## DESCRIPTION OF THE TASK
In the data that follows, count every line holding the string "korita" and give the count alone.

## TASK DATA

--------------------------------

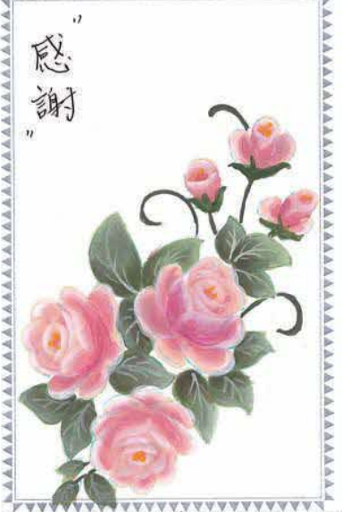
西ノ島町食生活改善推進協議会 Y.M

昨日、義兄が亡くなりました。 家族がみられる。施設の方に お世話になっての最後でした。 葬儀も子供、兄弟も参加出来 ず(都合のため)淋しいもの でした。 がまん、がまんの生活です。 いままで続くのか？ 施設・保健所、福祉団体・医療 などでの仕事をしておられる方々 には、本当に本当に感謝 しております。 体に気をつけて、無理なほど！ テレビ等では「オリンピック」 よその国の話のように思えます。 ます、人命を！
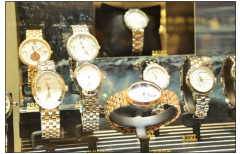
ساعات من أشهر الماركات

عملاتها واحترام حساسياتهم الثقافية، وتلبية كل حاجاتهم ومتطلباتهم، وكل ذلك مع خدمات عالية المستوى تقدم من قبل خبراء محترفين. وتمتلك مجموعة بهبهاني حاليا صالات عرض في مجمع الصالحي، سوق شرق، الأقيونز مول، الكوت مول، ليلي غاليري، مول 360، مارينا مول والحمران لاجيري سنتر، بالإضافة إلى أحدث صالاتها في «غيت مول». هاتف: 22056366
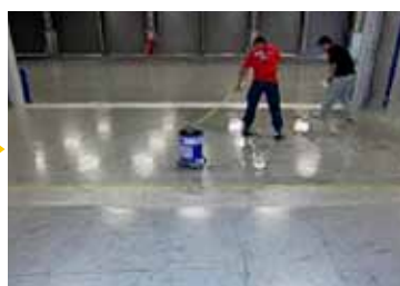
特殊洗剤を塗布しています
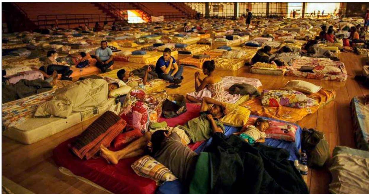
Figura 2. Desabrigados. Vítimas da tragédia em um ginásio da cidade de Mariana.

Nesta perspectiva, o presente artigo tem por objetivo debruçar-se – a partir da análise das falas dos
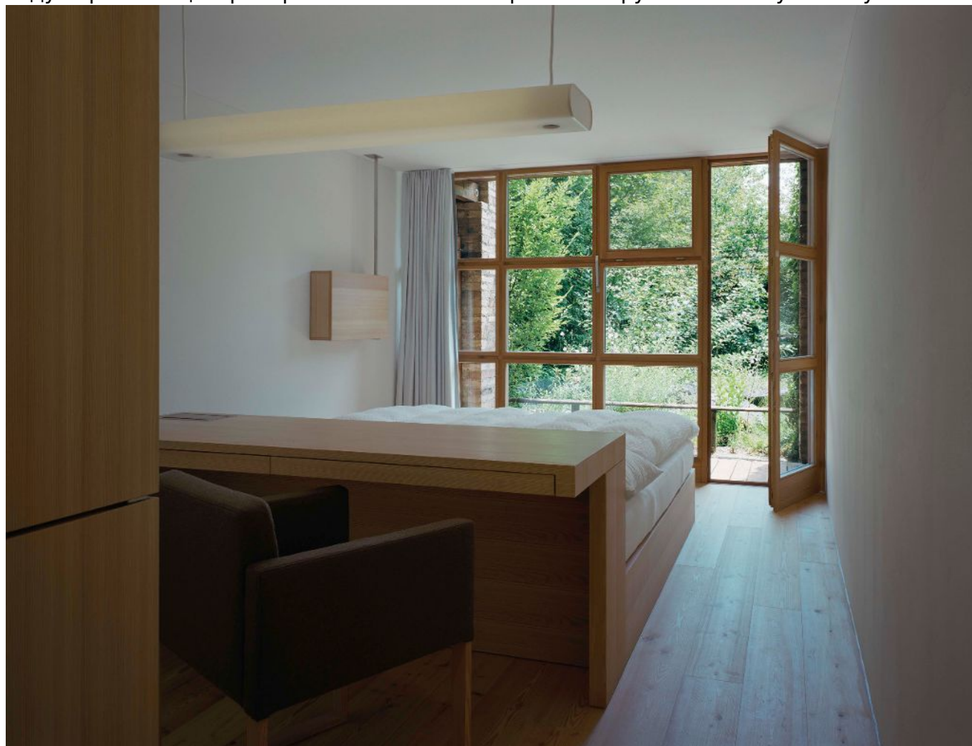
Монастырская гостиница

Неизвестно, как восприняли эту новость остававшиеся в Иттингене августинцы, чей устав значительно отличался от картезианского, но факт остается фактом: в 1471 году картезианцы приобрели обитель и построили вокруг нее высокую стену.
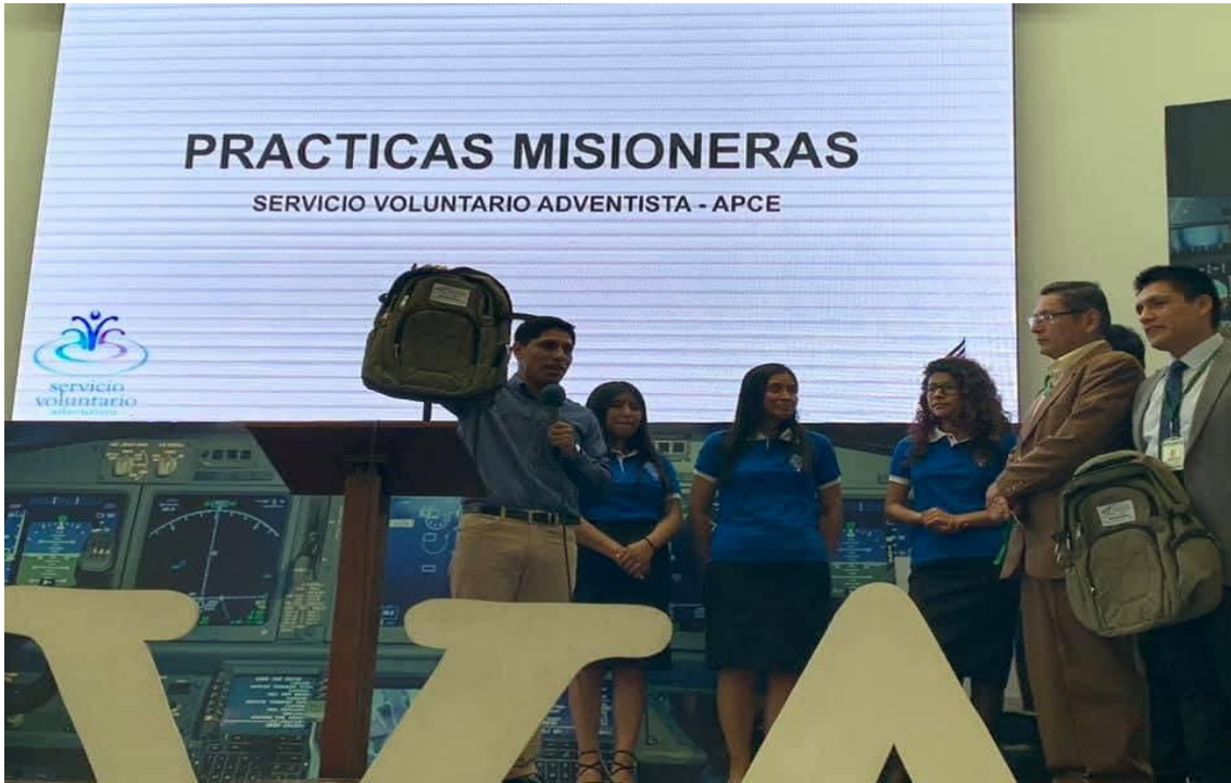
Practicas Misioneras –SVA
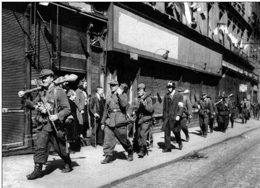
Příslušníci 4. pěšího pluku 1. pěší divize VS KONR poblíž Anděla na Smíchově, 7. 5. 1945
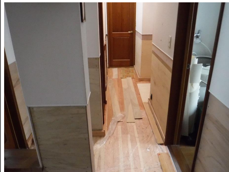
床施工後、壁はこれからです。
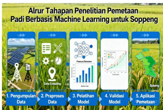
Gambar 1. Tahapan Penelitian

Setiap tahapan dirancang mengacu pada praktik terbaik pemetaan berbasis citra Sentinel-2 dan machine learning di konteks Indonesia, serta integrasi dengan data resmi untuk perencanaan ketahanan pangan daerah (Soppeng, 2023). Adapun tahapan penelitian yang dilakukan selama melaksanakan penelitian ini adalah sebagai berikut:.
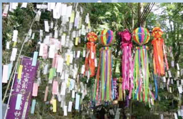
▲星田妙見宮参道にはいたるところに大きな吹き流しとたくさんの俳句が飾られておりとても壮観です
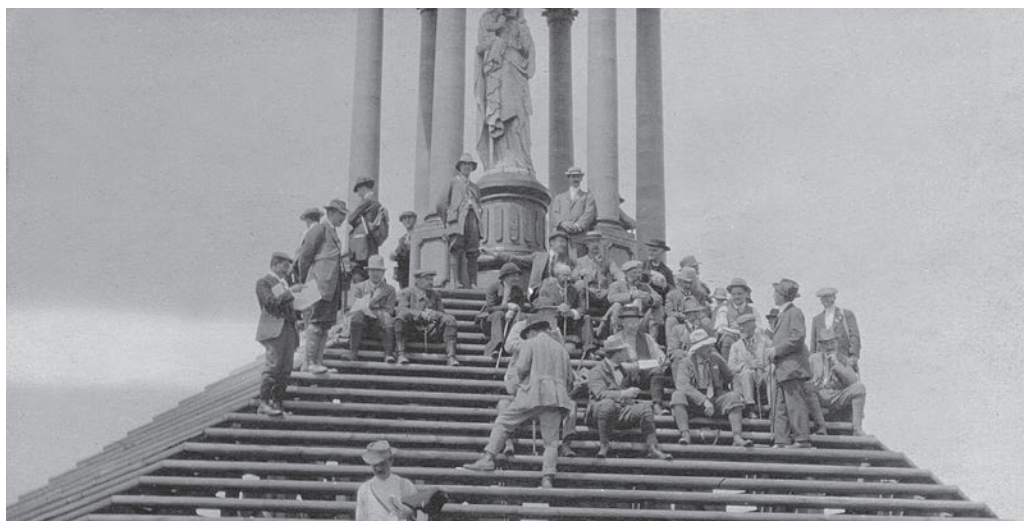
Participants du Congrès géologique international au mont Sainte-Anne, près de Percé, 1913. P247/5/6
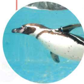
此區展示約70隻可能面臨絕種危機的洪堡企鵝。可以觀察牠們在水中游泳的姿態，或企鵝與母企鵝互相鳴叫的樣子。
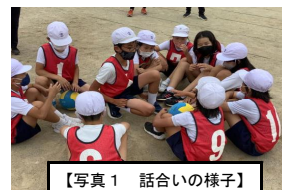
【写真1 話し合いの様子】

4年生のゴール型ゲームにおいては、ハンドボールを基にした易しいゲームを行った。はじめのルールを設定し、毎時間の授業の中でルールの工夫について話し合い、最終的にみんなが楽しくゲームに取り組むことができるルールを設定することができた。
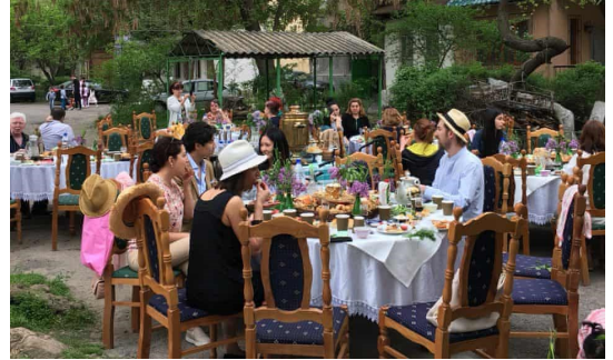
Жители Дома машинистов вместо митингов протеста проводили показ мод, фестивали и открытые рынки.

С другой стороны, культурные здания или памятники формируют то, как люди представляют себе историю и понимают национальную идентичность. Если не считать столицу, в региональных городах страны слабо признают ценность объектов исторического, архитектурного наследия и объекты культурного значения. Реальную
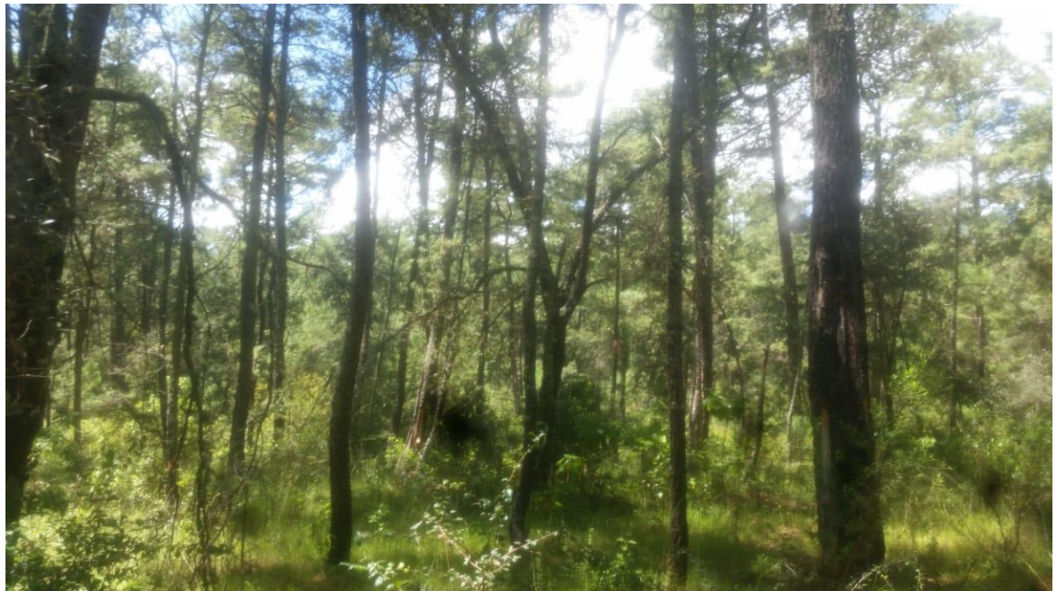
Fotografía 11. Área cerrada de pino.
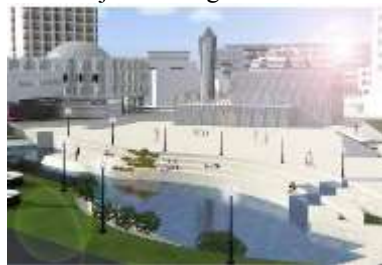
Sl.7. Uređenje rečnog korita

U grafičkim priložima razrađeno je jedno sa spuštanjem trga ka reci i uređenjem rečnog korita.
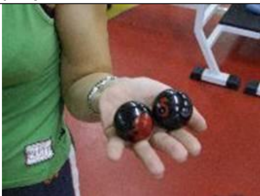
Sie sollen sich drehen
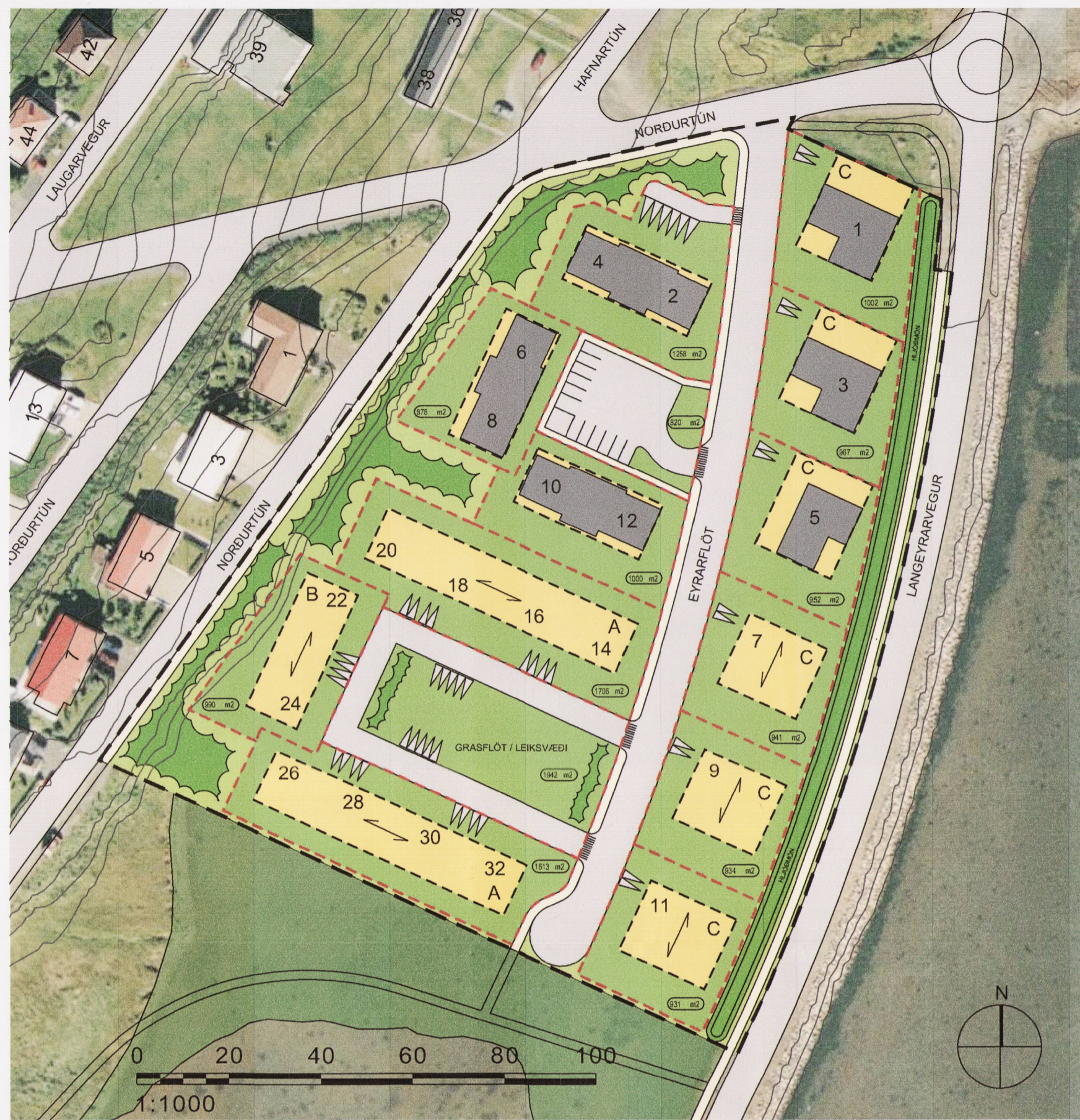
GILDANDI DEILISKIPULAG, ÖDLADIST GILDI 19.07.2013
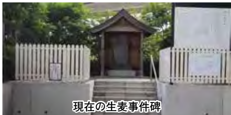
現在の生麦事件碑
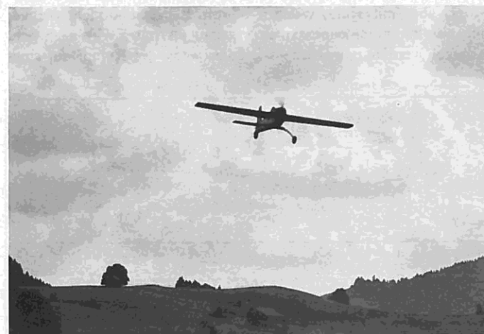
Der „Blackbird 2“ ist in der Schweiz zu Hause, in einem Land, wo die Modellflieger auch große Probleme haben. Ein schallgedämpfter 6,5-ccm-Viertakter kann aber kaum einen noch so ruhebedürftigen Eidgenossen (oder die noch ruhebedürftigeren Touristen) stören

züge. Da die Schraubenköpfe in der Balsaseitenwand versenkt werden und die Befestigung also nur an der Sperrholzverstärkung der Seitenwand hält, ist zwischen dem Lagerblock und der Seitenwand unbedingt ein Stück Glasfasergewebe einzuharzen. Die eigentliche Flügelaufgabe 32 wird jetzt reichlich mit Leim versehen und dann durch das Befestigen des Flügels auf die Seitenwände gedrückt, was eine spaltfreie Auflage ergibt. Wer Mühe mit dem Positionieren der Teile 32 hat, kann sie etwas zu groß aussägen und nach dem Trock-
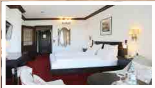
Doppelzimmer Superior mit Balkon
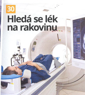
30 Hledá se lék na rakovinu
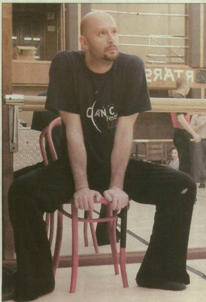
Juronics a próbán

Az argentin koreográfus – amikor a szegedi együttesnél is vendégeskedett, akkor már huzamos

--------------------------------

## ANSWER TO THE PROBLEM
2